Using Pacific Biosciences long-read sequencing, Bionano Genomics optical mapping, and Strand-seq, the researchers profiled genome sequences from 41 unrelated individuals, identifying more than 700 inversions — a set that included 330 inversions smaller than around 2 kilobases and 292 larger inversions that reached the megabase size.

Each of these inversion classes arose through distinct processes, Korbel explained. While some 85 percent of inversions in the smaller set appeared to reflect twin priming events related to L1 retrotransposition activity, for example, many of the larger inversions were balanced events, often stemming from non-allelic homologous recombination events mediated by large segmental duplication repeats.

"These inversions have properties that distinguish them from most classes of genetic variation — in particular, a high abundance of common polymorphisms," Korbel said, further noting that as a consequence, an unexpectedly large number of humans are heterozygous for these inversions.

From there, the team turned to two new computational methods to find and quantify 40 recurrent inversions, leading to sequence "toggling" at sites across some 0.6 percent of the human genome. Along with an overrepresentation for recurrent inversion sites on the X or Y sex chromosomes, the analyses pointed to overlap between inversion-prone sites and genomic conditions such as a chromosome 3q29 microdeletion syndrome.

"Several prior studies described inversions in genomic regions prone to undergo pathogenic microdeletions. … These inversions have been proposed to mediate [formation of microdeletions], but for most loci in which inversions were reported this relationship remained unclear because of difficulties in inversion discovery and breakpoint definition," Korbel explained. "Our study now shows that recurrent inversions — rather than inversions forming once in human history — drive the co-localization with genomic disorder regions."

In addition to analyses aimed at untangling segmental duplication- or retrotransposon-based mechanisms for inversion formation, the team dug into inversion ties to disease-related changes in the genome, particularly microdeletions.

From their results, the researchers speculated that microdeletions may turn up at recurrent inversion sites through homologous recombination suppression in heterozygous individuals carrying one copy of a given inversion, Korbel explained.
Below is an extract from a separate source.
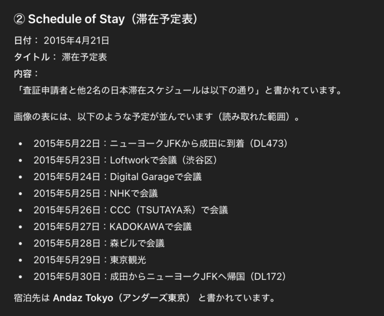 エプスタインは2015年5月22日から5月30日まで日本に滞在する予定で、その間にロフトワークやデジタルガレージ、NHK、CCC(TSUTAYA系)、KADOKAWA、森ビルとのミーティングも行うことになっていました。

They suspect that recurrent inversions may also alter the structure of flanking regions, he added, which may be another, non-mutually exclusive mechanism for microdeletions to form.

"These structural differences could make these genomic regions more genetically instable, with certain structural configurations at the flanks of the inversions either predisposing or protecting individuals from recurrent microdeletions," he said.

Based on these and other findings, the authors pointed to the "vast potential of inversions to prime or protect against morbid CNV formation, thereby shaping the human landscape of repeat-mediated mutation that is yet to be fully explored."

The authors cautioned that the current analysis "is limited to 82 unrelated human haplotypes and more genomes will be required to distinguish single-origin inversions from recurrent events" and noted that "[c]haracterization of the complete spectrum of [structural variants] at the sequence level remains an important goal that is likely to be unattainable outside of a multi-platform approach."